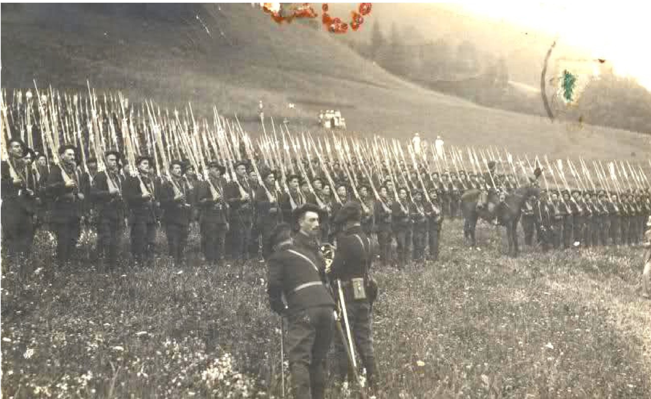
Le commandant, de PARIZOT de DURANT de la BOISSE est décoré devant son 22 e BCA fin juillet 1914. Il sera tué le 3 septembre suivant lors d'un assaut sur la Tête de Behouille en arrivant à la tranchée ennemie. Au soir de cette terrible journée, ils ne sont plus que 400 au 22 e BCA sur 1700 au départ d'Albertville !
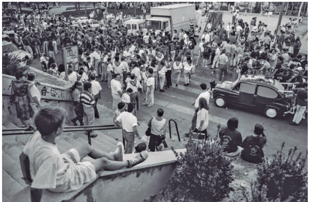
Una imagen histórica de Leganés

La investigación también documenta la desaparición de numerosos espacios vinculados al ocio y la identidad
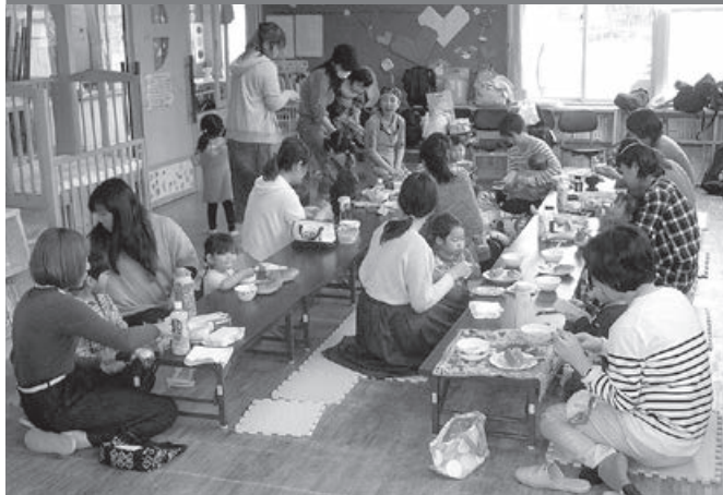
ちびっこ広場修了式 ~西児童館~

3月16日、西児童館において、「ちびっこ広場修了式」を行いました。 昨年4月21日の開級式は9組で始まりましたが、17組まで増えました。鳩ポッポ体操やエビカニクスを踊ったり、また、遊具を使った遊びなど動く活動をしました。この他、お誕生日会、季節の行事や親子での製作活動などをして、お友だちと一緒に楽しんで過ごしてきました。 終了式後の食事会では、野菜スープとホットドックをみんなでおいしくいただきました。 この広場では、子どもたちだけでなく、お母さんたちもお互いに交流ができる有意義な場があります。
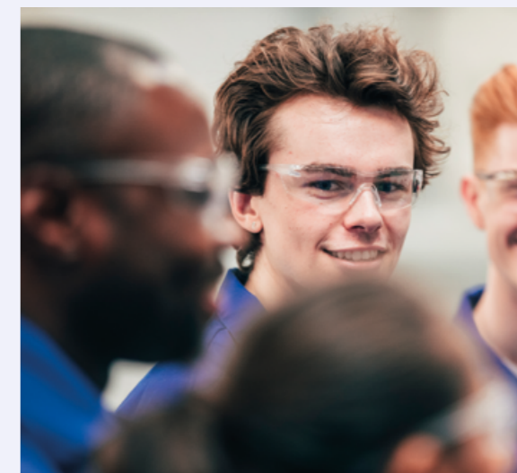
7 – Conférence des Grandes Écoles
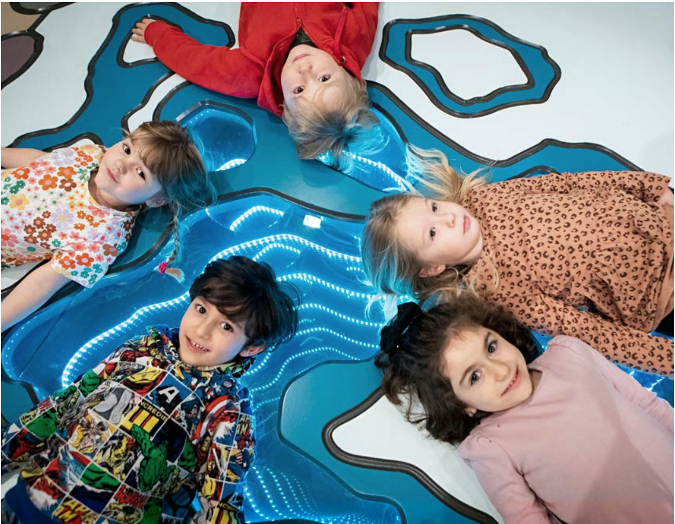
Utställningen Småfolk har under året varit välbesökt, särskilt under lovveckorna.

kulturarvsturism i Höga Kusten har till stor del upparbetat den totala projektbudgeten. Ett projekt som tillkommit under året är EU-projektet Bothnia Business Heritage, därav högre intäkter och kostnader i jämförelse med budget. Det externfinansierade projektet Framtidens kulturarvspedagogik har genomförts med ordinarie personalresurs, då projektledaren avslutade sin tjänst under året. Kostnaderna inom den pedagogiska verksamheten är därmed lägre än budgeterat.
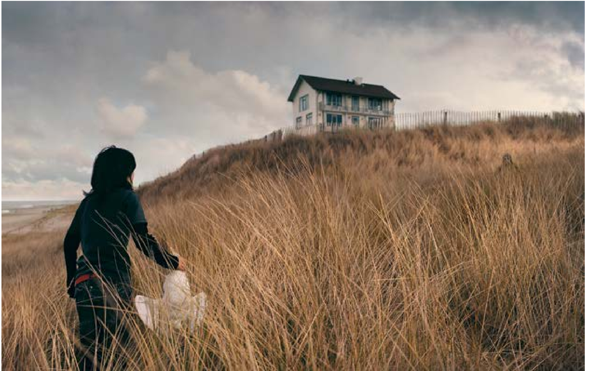
Bergen – duinhuis, 2009 100 x 172 cm
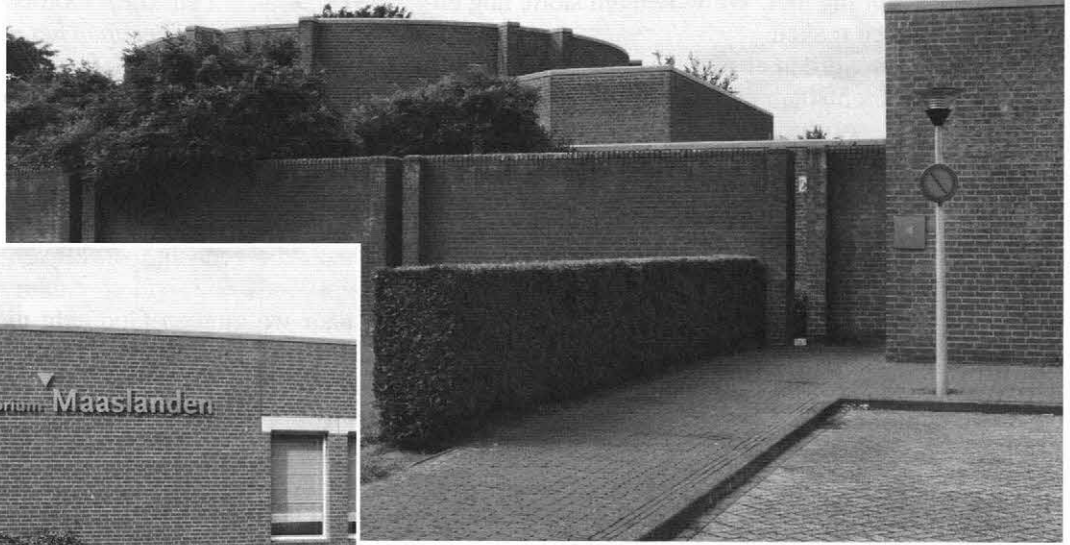
Een crematorium. Ook het meewerken of meehelpen aan de bouw van een crematorium, hetzij als raadslid of wethouder, hetzij als timmerman, metselaar of loodgieter, mogen we in het licht van de Schrift niet doen.

niet in overeenstemming brengen. Laat ons toch duidelijk afstand houden van deze heidense, antichristelijke vorm van lijkbezorging!
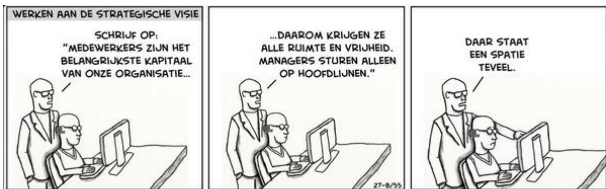
© Van 9 tot 5 cartoons
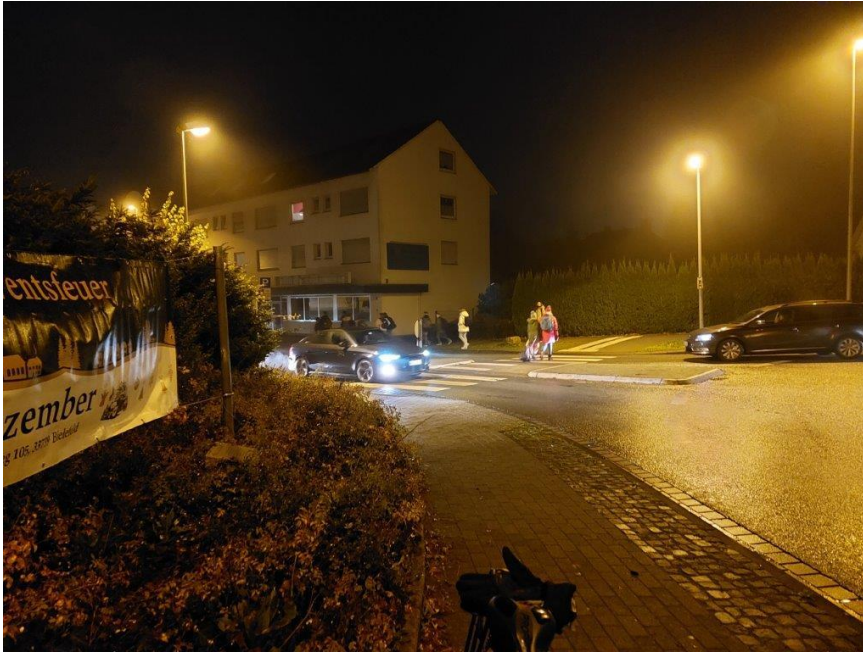
Standort Adlerdenkmal mit Blick Vilsendorfer Straße
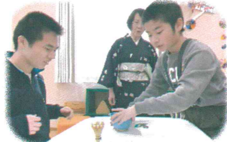
<茶道教室の一コマ>
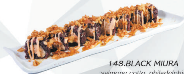
148.BLACK MIURA salmone cotto, philadelphia, sopra cipolla fritta, spicy €11,00
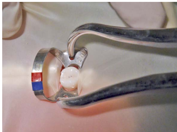
図 3 クランプ装着

講義前のクランプ装着時のVAS値は平均値14.35、中央値9で、除去時のVAS値は12.11、中央値5であった。講義後のクランプ装着時のVAS値は平均値
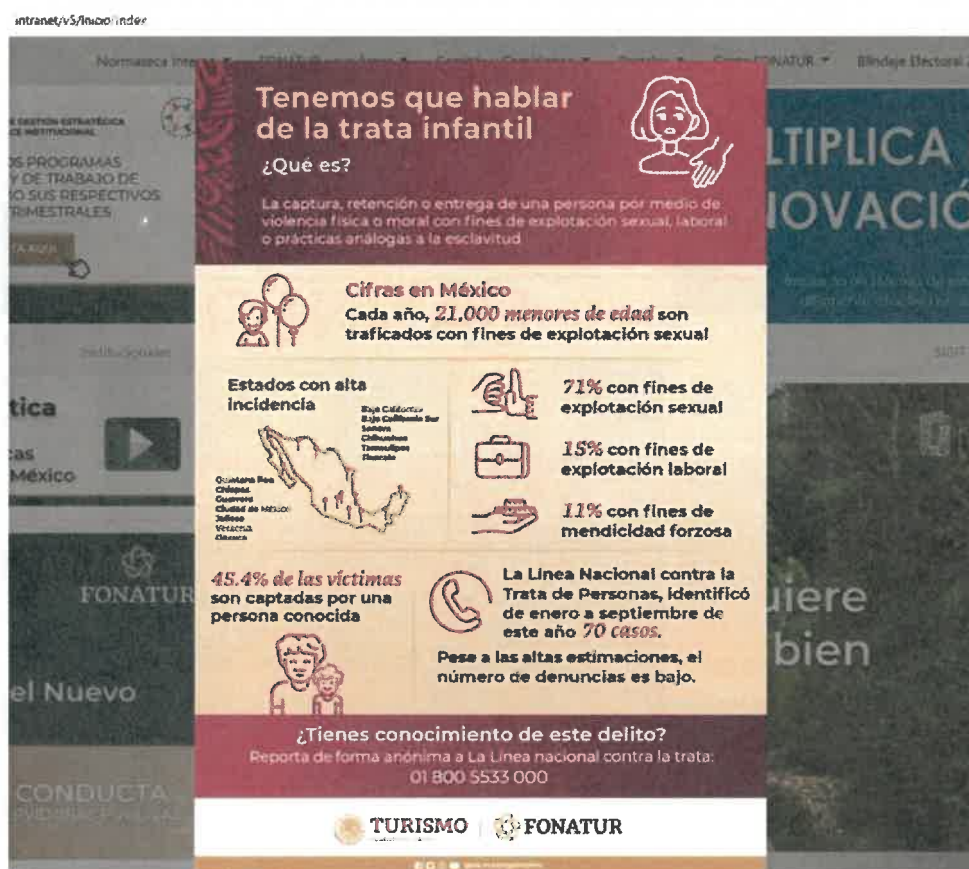
Publicación de infografía en intranet referente al CCN.
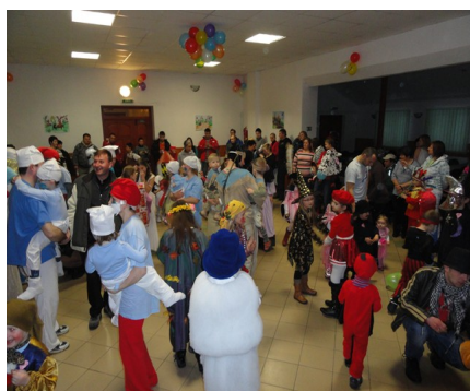
Maškarný ples v KD
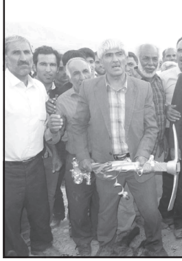
تونل نیز آغاز شد.

سرویس خبری / داود کشاورز: با حضور معاون وزیر راه و شهرسازی عملیات اجرایی تونل محرم آغاز شد. احمد صادقی معاون وزیر راه و شهرسازی به همراه حسن فدایی مدیر کل راه و ترابری استان فارس و مسئولان محلی شهرستان کازرون از پروژه های راه سازی در محور شیراز کازرون- کازرون-بو شهر تونل های محرم، تنگ ترکان، روشنایی تونل های جاده جدید کازرون به ارژن بازدید کردند. در این بازدید معاون وزیر راه و شهرسازی دستور فعال شدن عملیات اجرایی تونل محرم را داده که با این دستور عملیات اجرایی این
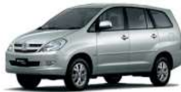
Gambar 1.5 Kijang Generasi Kelima

menggunakan jenis D4D atau juga disebut Direct Four Stroke Turbo Commonrail Injection. Selama sembilan tahun Kijang Innova mengalami facelift sebanyak tiga kali yaitu Kijang Innova facelift pertama (September 2008-30 Juli 2011), Kijang Innova facelift kedua (30 Juli 2011-18 Agustus 2013) dan Kijang Innova facelift ketiga (18 Agustus 2013-November 2015).
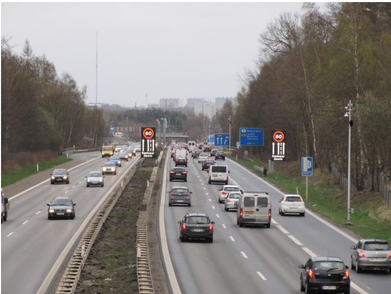
Figur 3 Hillerødmotorvejen før Bagsværd i retning mod syd

Nødsporet bliver flittigt brugt, når det er åbent, og det har løsnet trængslen og givet kortere køer, mindre sivetrafik og kortere rejsetider for de fleste trafikanter. De foreløbige observationer viser blandt andet en tidsbesparelse på op imod 20 procent på strækningen mellem Allerød og Ring 4. Vejdirektoratet gennemfører en grundigere evaluering i løbet af efteråret 2014, hvor fokus bl.a. er på effekterne på fremkommeligheden og trafiksikkerheden, trafikanttilfredsheden samt det samlede koncept vedrørende kørsel i nødsporet.
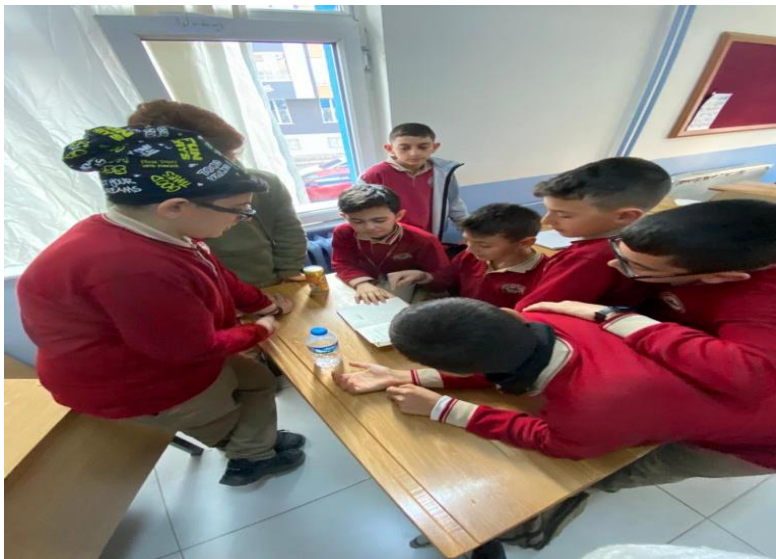
Öğrencilerin grup çalışmalarına başlaması

◇ ◇ ◇ ◇ ◇

• _HOW TO COMPLETE THIS TASK_
Would you transcribe the lines above exactly, going from the line bearing "Utställningen Småfolk har" through the line bearing "Gambar 1.5 Kijang Generasi Kelima", and drop the pictures from the copy?

• _EXPECTED OUTPUT_
Utställningen Småfolk har under året varit välbesökt, särskilt under lovveckorna.

kulturarvsturism i Höga Kusten har till stor del upparbetat den totala projektbudgeten. Ett projekt som tillkommit under året är EU-projektet Bothnia Business Heritage, därav högre intäkter och kostnader i jämförelse med budget. Det externfinansierade projektet Framtidens kulturarvspedagogik har genomförts med ordinarie personalresurs, då projektledaren avslutade sin tjänst under året. Kostnaderna inom den pedagogiska verksamheten är därmed lägre än budgeterat.
Bergen – duinhuis, 2009 100 x 172 cm
Een crematorium. Ook het meewerken of meehelpen aan de bouw van een crematorium, hetzij als raadslid of wethouder, hetzij als timmerman, metselaar of loodgieter, mogen we in het licht van de Schrift niet doen.

niet in overeenstemming brengen. Laat ons toch duidelijk afstand houden van deze heidense, antichristelijke vorm van lijkbezorging!
© Van 9 tot 5 cartoons
Standort Adlerdenkmal mit Blick Vilsendorfer Straße
<茶道教室の一コマ>
148.BLACK MIURA salmone cotto, philadelphia, sopra cipolla fritta, spicy €11,00
図 3 クランプ装着

講義前のクランプ装着時のVAS値は平均値14.35、中央値9で、除去時のVAS値は12.11、中央値5であった。講義後のクランプ装着時のVAS値は平均値
Publicación de infografía en intranet referente al CCN.
Maškarný ples v KD
تونل نیز آغاز شد.

سرویس خبری / داود کشاورز: با حضور معاون وزیر راه و شهرسازی عملیات اجرایی تونل محرم آغاز شد. احمد صادقی معاون وزیر راه و شهرسازی به همراه حسن فدایی مدیر کل راه و ترابری استان فارس و مسئولان محلی شهرستان کازرون از پروژه های راه سازی در محور شیراز کازرون- کازرون-بو شهر تونل های محرم، تنگ ترکان، روشنایی تونل های جاده جدید کازرون به ارژن بازدید کردند. در این بازدید معاون وزیر راه و شهرسازی دستور فعال شدن عملیات اجرایی تونل محرم را داده که با این دستور عملیات اجرایی این
Gambar 1.5 Kijang Generasi Kelima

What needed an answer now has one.